A CNN Sound Classification Mechanism Using Data Augmentation

Hung-Chi Chu; Young-Lin Zhang; Hao-Chu Chiang

doi:10.3390/s23156972

A CNN Sound Classification Mechanism Using Data Augmentation

Sensors (Basel). 2023 Aug 5;23(15):6972. doi: 10.3390/s23156972.

Authors

Hung-Chi Chu¹, Young-Lin Zhang¹, Hao-Chu Chiang¹

Affiliation

¹ Department of Information and Communication Engineering, Chaoyang University of Technology, Taichung 41349, Taiwan.

Abstract

Sound classification has been widely used in many fields. Unlike traditional signal-processing methods, using deep learning technology for sound classification is one of the most feasible and effective methods.
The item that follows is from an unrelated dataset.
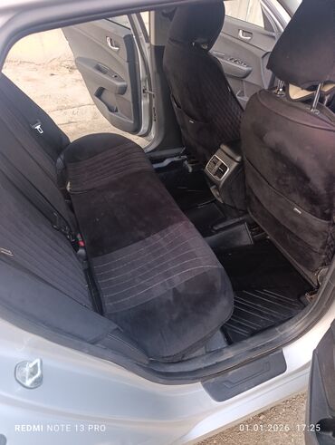 - Просторный 5‑местный салон с тёмной отделкой, тканевые чехлы на сиденьях.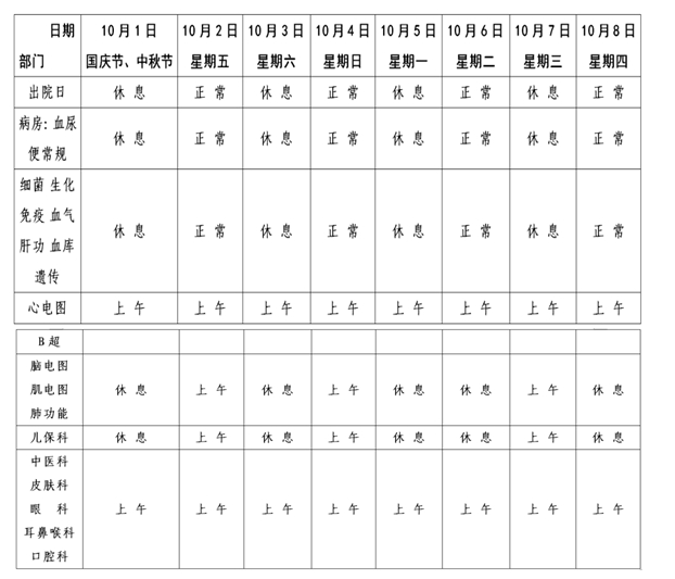 儿科门诊、中医门诊、疼痛门诊、胸外科门诊、普外科门诊、体检科、内科专家门诊10月1日~10月8日停诊。

However, limited by the quality of the training dataset, such as cost and resource constraints, data imbalance, and data annotation issues, the classification performance is affected. Therefore, we propose a sound classification mechanism based on convolutional neural networks and use the sound feature extraction method of Mel-Frequency Cepstral Coefficients (MFCCs) to convert sound signals into spectrograms. Spectrograms are suitable as input for CNN models. To provide the function of data augmentation, we can increase the number of spectrograms by setting the number of triangular bandpass filters. The experimental results show that there are 50 semantic categories in the ESC-50 dataset, the types are complex, and the amount of data is insufficient, resulting in a classification accuracy of only 63%. When using the proposed data augmentation method (K = 5), the accuracy is effectively increased to 97%. Furthermore, in the UrbanSound8K dataset, the amount of data is sufficient, so the classification accuracy can reach 90%, and the classification accuracy can be slightly increased to 92% via data augmentation. However, when only 50% of the training dataset is used, along with data augmentation, the establishment of the training model can be accelerated, and the classification accuracy can reach 91%.

Keywords: CNN; signal processing; sound classification.

Grants and funding

This research was funded by the Chaoyang University of Technology, Taiwan, under grants 110F0021110.